Minchin spoke more about the film's cancellation on Richard Herring's Leicester Square Theatre Podcast in March 2020, saying how the film was 75% completed with 110 people working on the film, with songs completed. Hans Zimmer was also composing the score. After DreamWorks Animation was bought by Comcast subsidiary NBCUniversal (owners of Universal Pictures) in 2016, the film was cancelled and written off for the acquisition expenses, at the expense of DreamWorks. Illumination's Chris Meledandri was also consulted by Universal executives before the cancellation. He also explained how he tried to shop it to other studios, with Netflix and Animal Logic wanting to buy it, but the film's price tag was exorbitant, making it non-viable for other studios to acquire it. Overall, the film cost $90 million.

===Resurrection===
The film was brought back as a short, as part of the studio's newly announced shorts program. Bilbys three directors had worked together on the Larrikins animation team; Perifel served as head of character animation, Topaz as a lead animator, and Sans as a character supervisor.

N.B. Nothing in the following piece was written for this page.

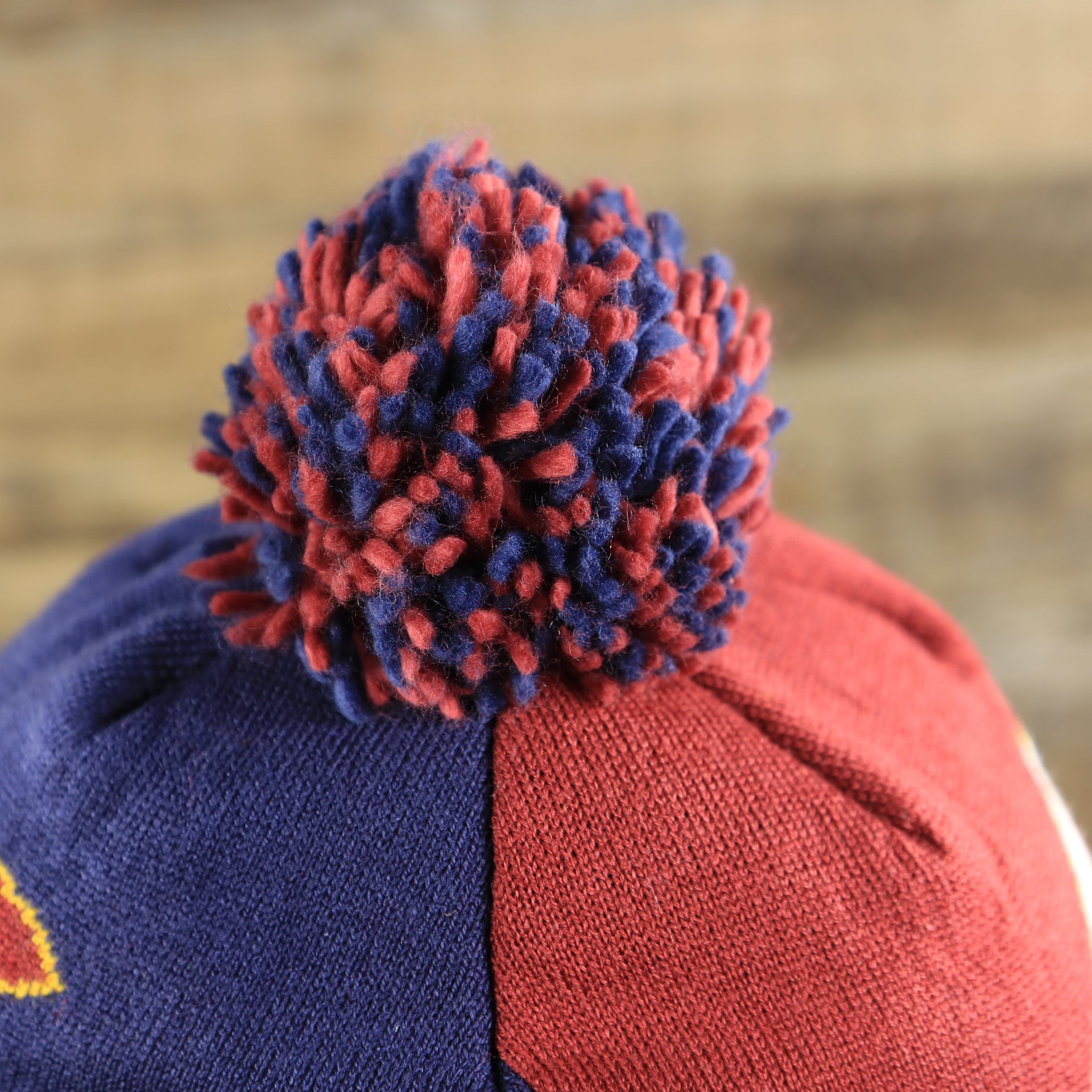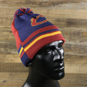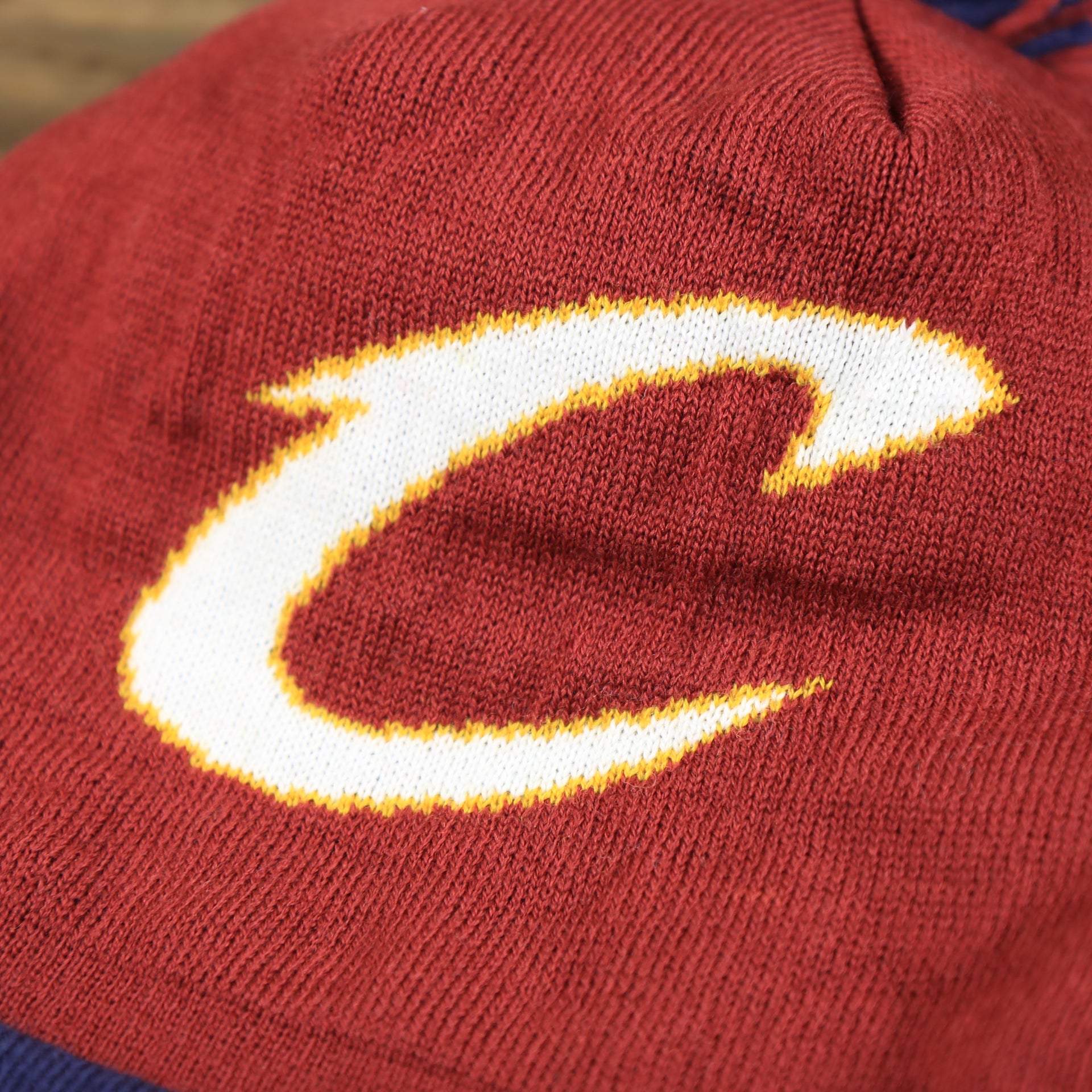 FRONT: The front of the Double Sided Cleveland Cavaliers Retro Logo Pom Pom Winter Beanie features the Retro Cavaliers Logo Embroidered in Maroon and Yellow.

Bilby proved to be a testing ground for various new animation software, including MoonRay, a light rendering engine that was used on DreamWorks' feature films beginning with How to Train Your Dragon: The Hidden World.

==Release==
Bilby had its world premiere on June 16, 2018, as part of the closing ceremonies for the Annecy International Animated Film Festival. On December 21 of the same year, the short was released on DreamWorks' official YouTube channel, but in November 2020, the short was no longer available as the YouTube video was set to "Private". On March 3, 2019, one of the film's directors uploaded it to Vimeo.

Bilby, along with Bird Karma, was included on home video releases of How to Train Your Dragon: The Hidden World on May 21, 2019.

==Reception==
Bilby received the Jury's Choice Award at the 45th SIGGRAPH conference, as well as the Audience Award at the Palm Springs International Festival of Short Films.